女人兴奋地挂断了电话,刚才电话另一头的人态度是屈服了,看样子是有门,还好她当时做了两手准备,多了个心眼,要不然如今这个救命稻草就没了,女人终于松了一口气,开始手舞足蹈起来,这下她和丈夫应该就能东山再起了,她畅想着这个未来,憧憬着美好。
然而门外却走进来两个人,一个胖子和一个法师,胖子看着这屋子中的一切,战战兢兢,哆哆嗦嗦地跟法师说:“大师,这这这,就是这里,我自从买了这个房子之后,每天都听到一个女人在打电话,跟疯子一样。”
那法师三十多岁,进来之后就直直地盯着客厅的中央,那里有一个小桌子,上面空无一物。
法师抽了一根烟,借着烟雾,他好像看清了什么,微微点点头,问那个胖子:“老板,你住进来多久了?可知道上一个住户她的情况?”
“嗨,别提了,一提这个我就感觉晦气,我先前买这个房子之前不知道这里死过人,听说之前是个暴发户住在这里,当时很多有钱人都聚在这里打麻将,唱歌,做一些奇奇怪怪的事情,打听之后才知道,那个住户后来家里出事了,欠了很多钱,失信于人,进号子里去了,然后女主人不知道是怎么回事,就死在这个客厅里了。”
法师点点头,把带来的东西放到了地上,就开始了超度法事······
尘时川的白话:回归最原始的风格,感觉更适合这个故事。
133《鞋—8》
人这一辈子,如果不为了自己,而是为了他人,尽心尽力,那他基本上可以算是一个圣贤了,神灵护佑,亦可称仙。
这是王峰的师傅,生前说的最多的一句话,说实话,王峰对这句话的观点并不能够苟同,此时的他,坐在深宅大院的屋檐上,看着此间天地出现的漩涡,和下面那些纷乱的野鬼,它们哀嚎着,宣泄自己的不甘。
不知道为什么,王峰突然想起了师父这句话,他突然有一点理解,但又不想承认,此时此刻的他想起了很多往事,但记忆总是围绕着一个人——他的师父。
王峰小时候家里很穷,父亲还是个酒癞子,基本上把家底儿都败光了,母亲也跑了,王峰跟着他没有吃过一天饱饭。
后来父亲带着他到处闲逛,就跑到了外地,然后遇见了一个算命的先生,那先生当时看王峰可怜,把上完供的瓜果点心拿过来给他吃,然后就跟酒癞子父亲聊上了。

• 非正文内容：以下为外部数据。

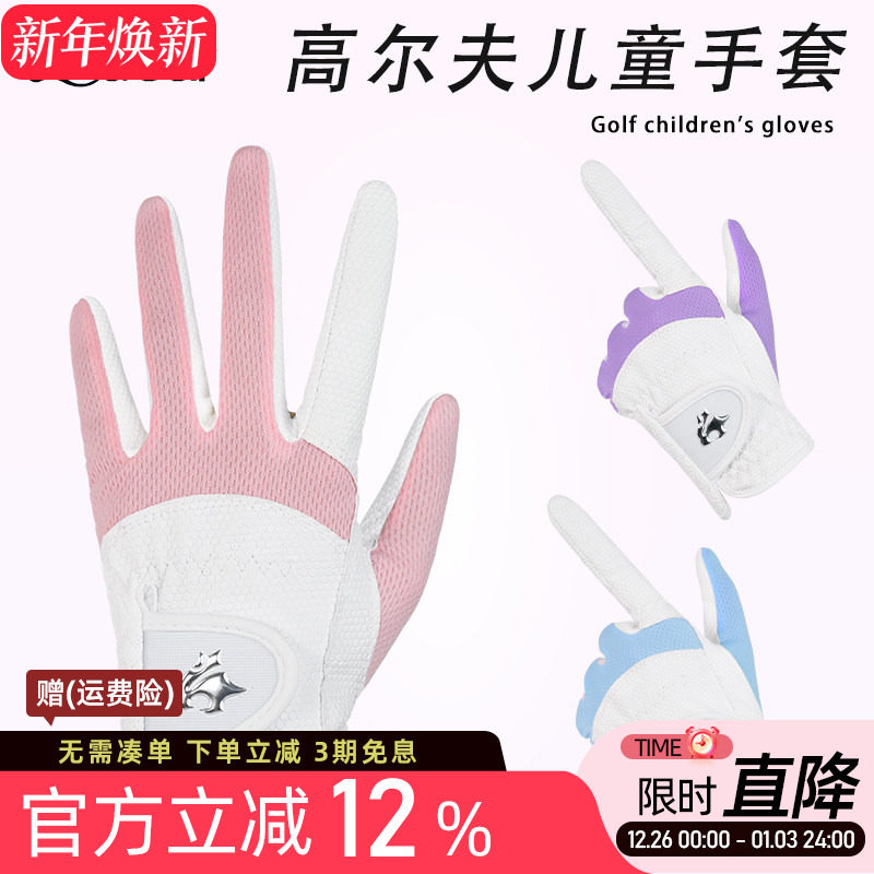 美洲豹儿童高尔夫手套防滑耐磨PU皮革弹力透气网布运动左右手一双

由于不是正式收养,没有按照政府流程,很多事情师父也很难去处理,只好也就这样了。
之后王峰就开始跟着师父学习法术,算命,和一些做人的道理,和所有人一样,大家都不喜欢别人讲大道理,虽然知道他是对的,王峰也是这样,他觉得这个老头说的都对,但是与我有什么关系?听着听着就不耐烦了。
不过王峰在学习道法上也不含糊,把师父的本事学习了个七七八八,但是要说精深,那倒不至于,因为他这个人本来就吊儿郎当,很难把注意力集中在一个东西上,有那时间,还不如上网,或者跟那些狐朋狗友去学校堵小姑娘玩呢。

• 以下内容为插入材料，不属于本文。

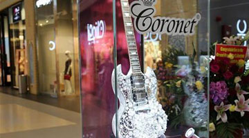 2016-05-28 08:37:185月22日,得到吉尼斯世界纪录认证的全球“最昂贵吉他”在阿联酋迪拜一个购物中心展出。拥有吉尼斯世界纪录“最昂贵吉他”称号的冠玲珑钻石吉他,22日在阿联酋迪拜一家珠宝连锁店的新店开幕活动上亮相。这件钻石吉他由中国香港著名音乐人雷颂德设计,周大福珠宝公司与吉布森吉他公司合作出品,用400克拉钻石和1.6公斤黄金镶嵌打造而成,总价值达200万美元(约合1300万元人民币)。[详细]
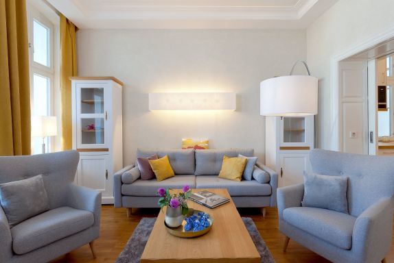 Auf 65 Quadratmetern begrüßen wir Sie in dem 2-Raum-Appartement im Hochparterre der Villa Pia Marie im modernen und gemütlichen Landhausstil zu sonnigen und erholsamen Urlaubstagen.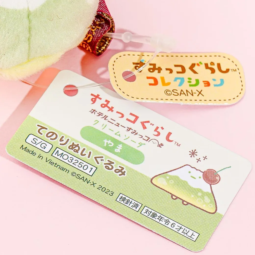 Yama from Sumikko Gurashi looks like a yummy cream soda! This design comes from the Sumikko Gurashi Hotel series. Have fun playing with this bean-filled mini plushie!

那是王峰最喜欢的事情,当时他住的地方有一个技校,里面全都是刚进入社会,涉世不深的小姑娘,王峰就喜欢冲她们吹流氓哨。
那时候王峰的日常就是上香,给师父打点一下香堂,平常没事干了就去上网,泡妞,他以为生活会一直这样持续下去,不好也不坏。可是没有一件事物是能一直持续下去的,或者一成不变的。

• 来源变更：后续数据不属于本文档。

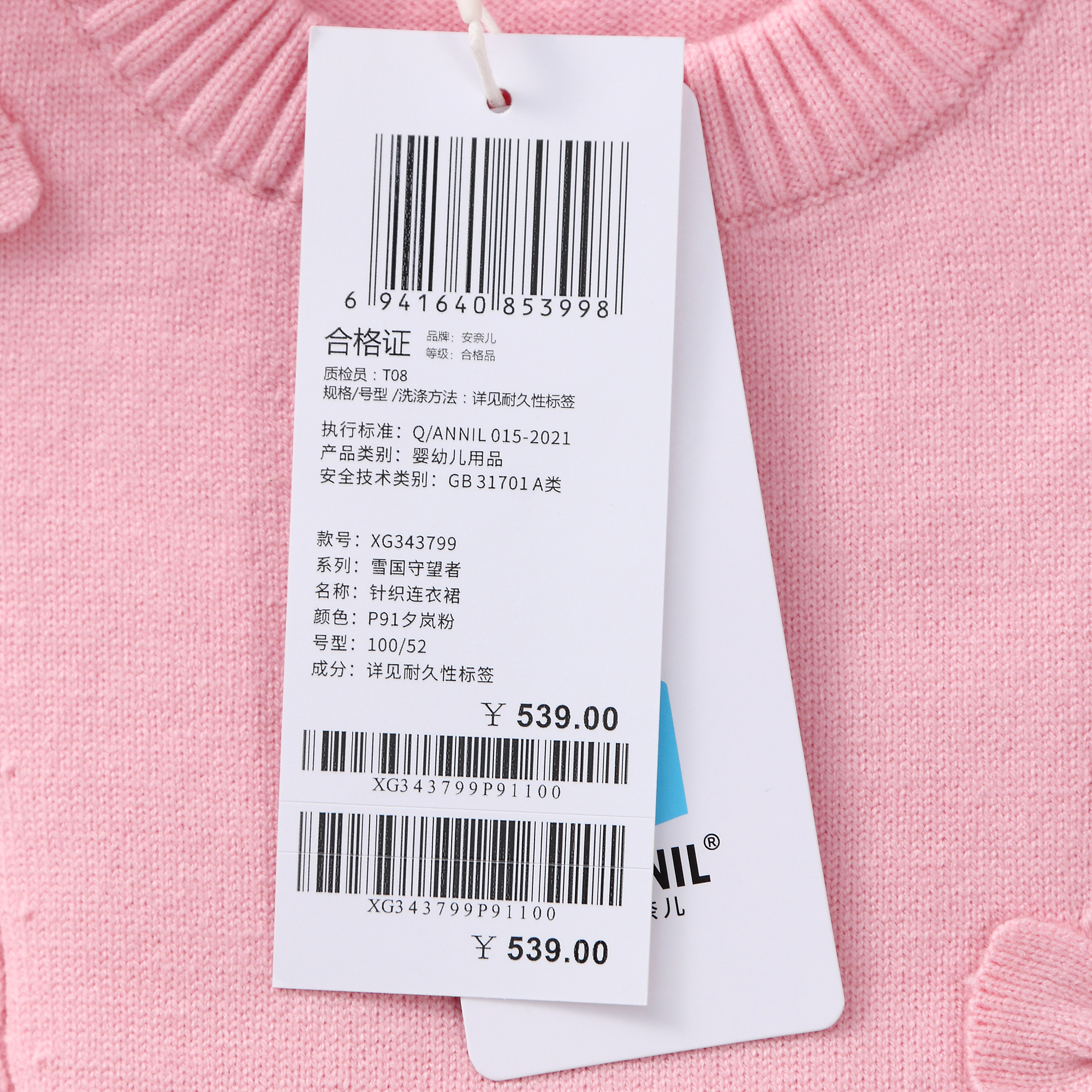 【实体店同款】女童针织连衣裙2023年冬季新款安奈儿童装XG343799

师父突然在某一天病重了,王峰连夜背着他去了医院,那一天他突然意识到什么叫做紧张和担忧了。
这老头也怪可怜的,身边连个亲人也没有,只有自己这个徒弟,王峰曾经听说他以前也结过婚,有过一双儿女,可后来不知为何,出了场意外,都不在了,师父从来不提这件事,王峰也不敢多问。
渐渐的,王峰已经习惯了这种生活,他开始真正的成为了一个法师,但跟师父不一样,只要有钱赚,他愿意怎么做就怎么做,但心中也有底线,不坑,不抢,不骗,只是把问题说夸张点,让对方多花点钱就可以了。在他看来,做这一行不就是让别人求个心安吗。
那一天,王峰把一天的工作都做完了,来烧香的,求愿的,算命的,都打发走了之后,就是一天最快乐的时光——打游戏。
当游戏打累了之后,他就喜欢跑到各种灵异贴吧,或者所谓的道友群里扯皮,他并不是为了赚钱,纯粹是看这些人好玩,尤其是跟那些臭道士抬杠的时候可有意思了。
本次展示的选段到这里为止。